[WORK ITEM]:
Could you return the data that follows exactly, minus the images?

(Excerpts from a dataset)
□ □ □ □ □

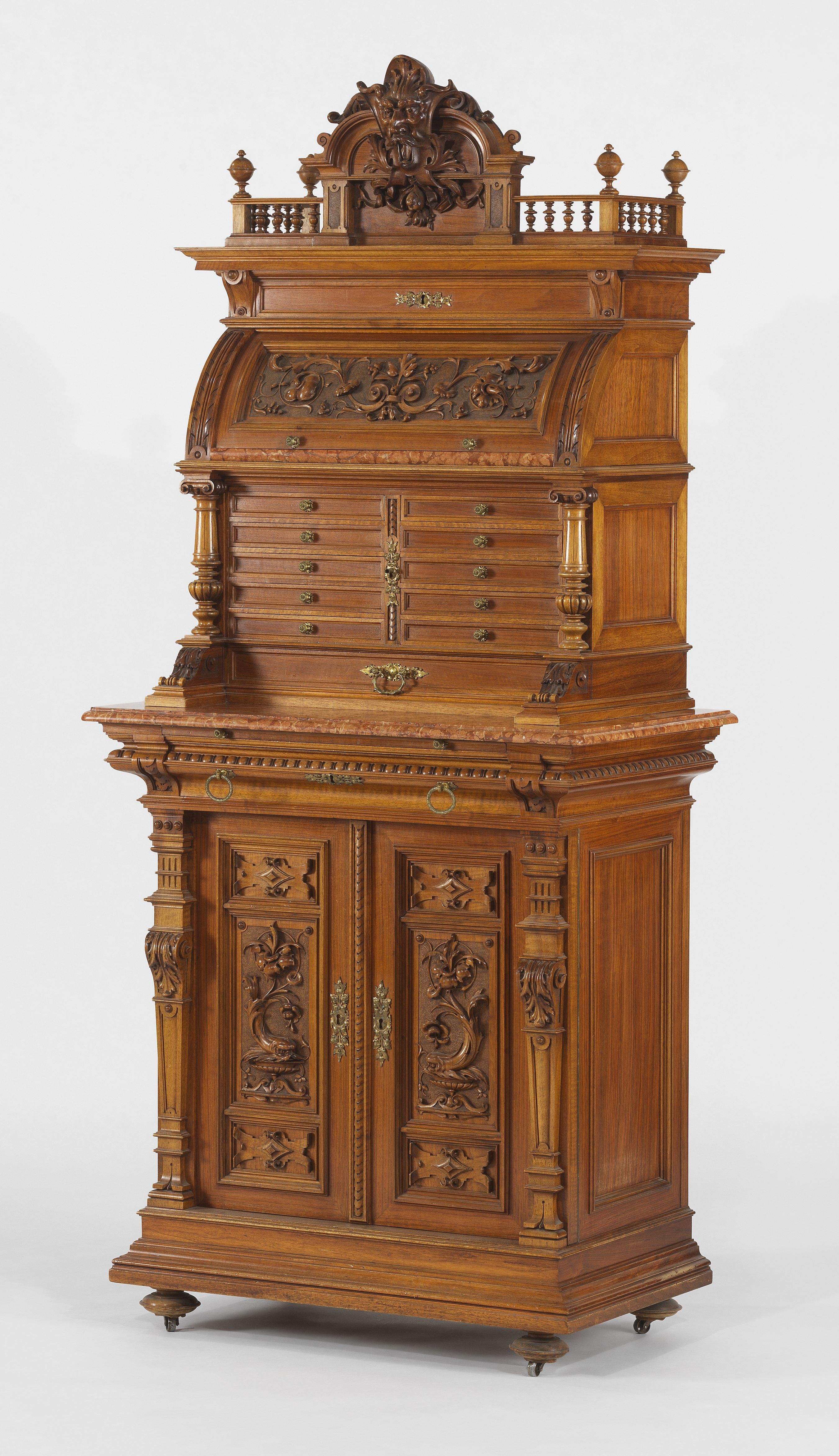 Nombreux tiroirs, cylindres et vantaux, noyer à décor sculpté de...
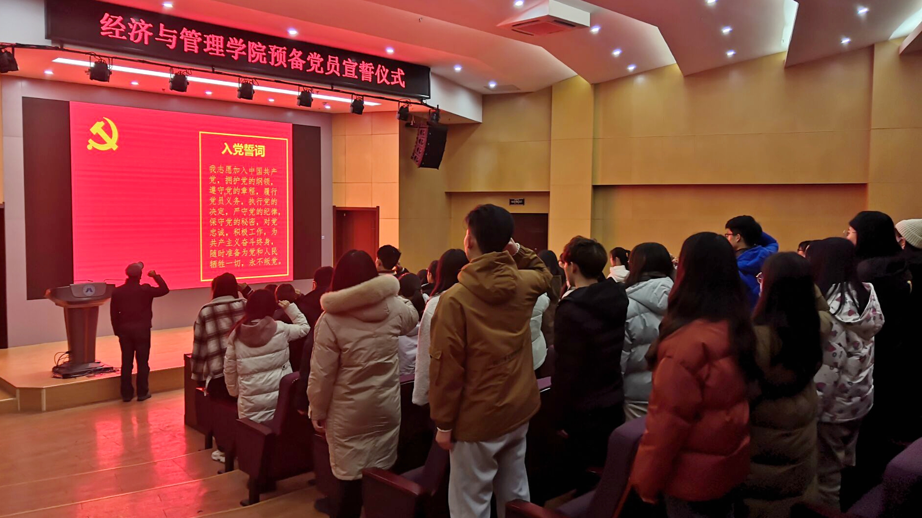 12月29日下午,经济与管理学院在C座7楼报告厅举行预备党员入党宣誓仪式,院党委副书记程繁出席仪式,活动由赵妍老师主持。
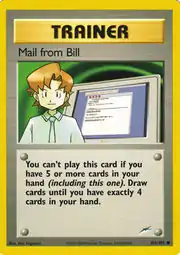 Mail from Bill (Japanese: マサキのメール Masaki's E-mail) is a Trainer card. It is part of the Neo Destiny expansion.
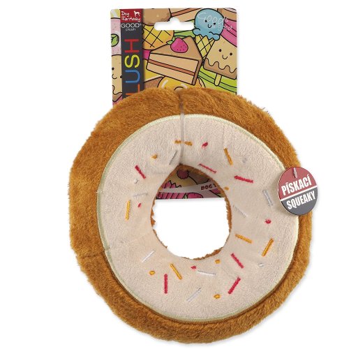 Hračka z jemného plyše, který je příjemný na dotek a dobře padne do psí tlamy. Při stlačení hračka píská. Lákavý donut, který bez obav můžete svému psovi dopřát.
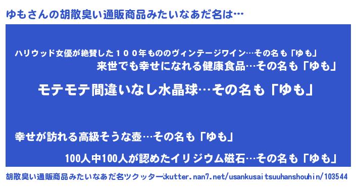 | ヘコむあだ名 | 『ゆもにゅー』『ゆも(小並感)』 |
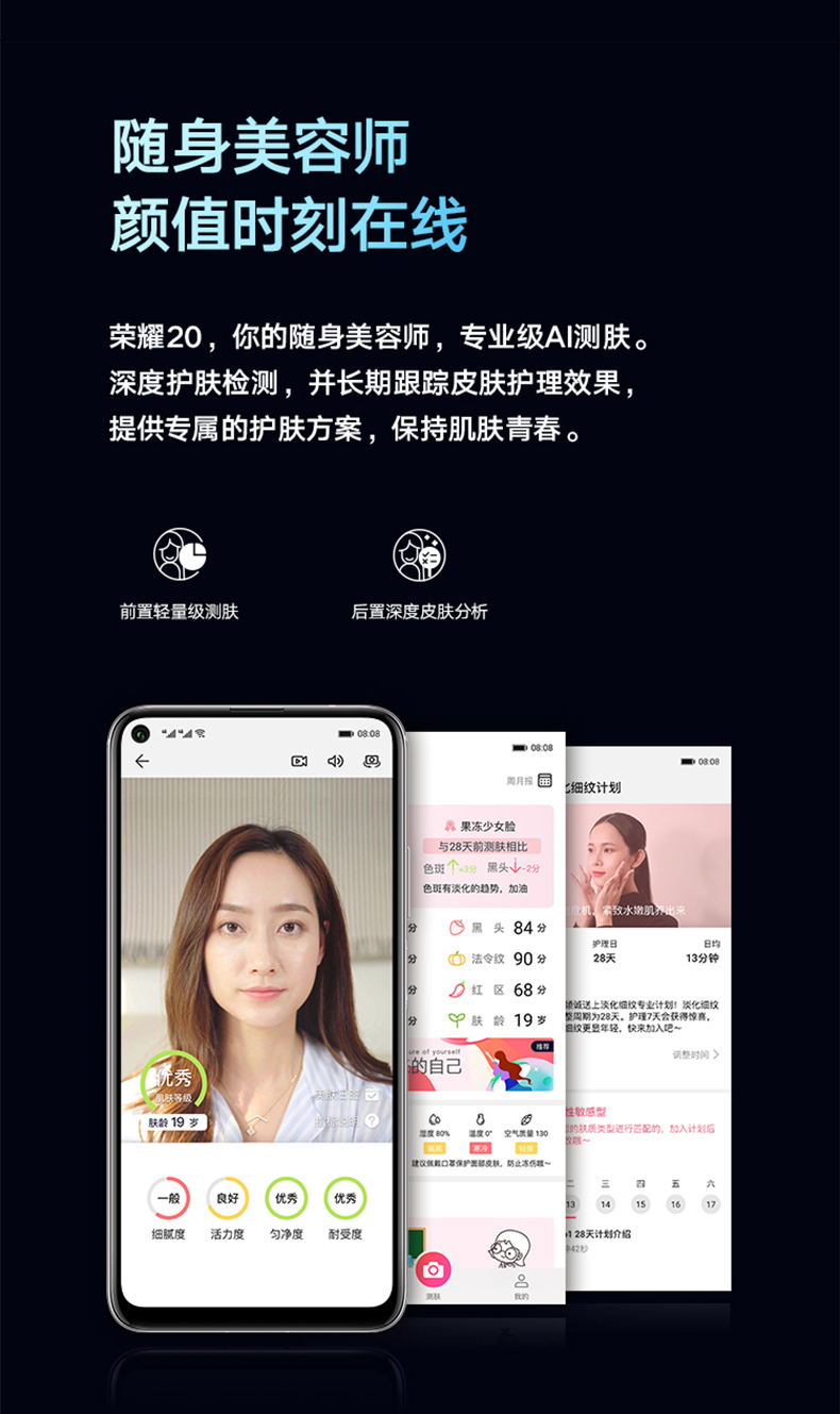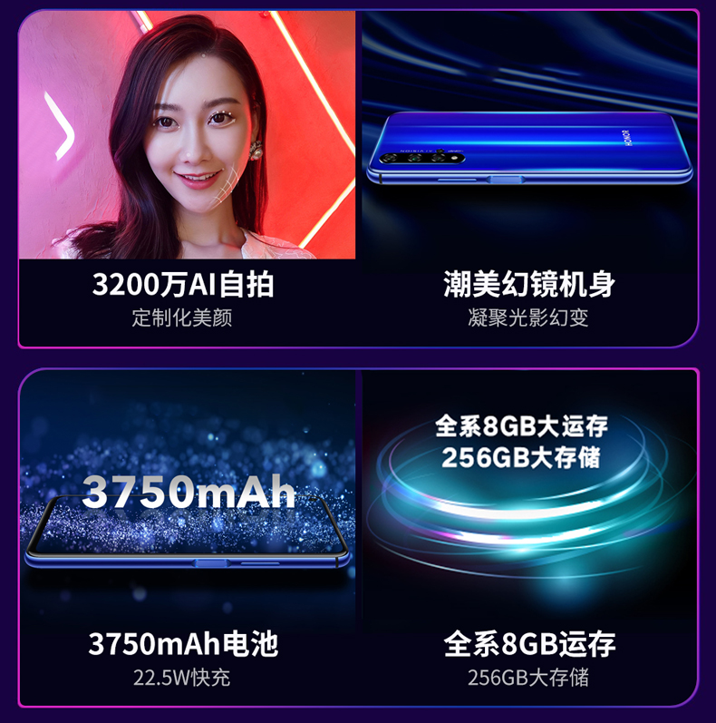 荣耀20采用6.26英寸屏,前置3200万单摄,后置四摄,搭载麒麟980芯片,电池3750mAh,支持22.5W充电。而...

□ □ □ □ □

[SOLUTION TO THIS TASK]:
 Nombreux tiroirs, cylindres et vantaux, noyer à décor sculpté de...
 12月29日下午,经济与管理学院在C座7楼报告厅举行预备党员入党宣誓仪式,院党委副书记程繁出席仪式,活动由赵妍老师主持。
 Mail from Bill (Japanese: マサキのメール Masaki's E-mail) is a Trainer card. It is part of the Neo Destiny expansion.
 Hračka z jemného plyše, který je příjemný na dotek a dobře padne do psí tlamy. Při stlačení hračka píská. Lákavý donut, který bez obav můžete svému psovi dopřát.
 | ヘコむあだ名 | 『ゆもにゅー』『ゆも(小並感)』 |
 荣耀20采用6.26英寸屏,前置3200万单摄,后置四摄,搭载麒麟980芯片,电池3750mAh,支持22.5W充电。而...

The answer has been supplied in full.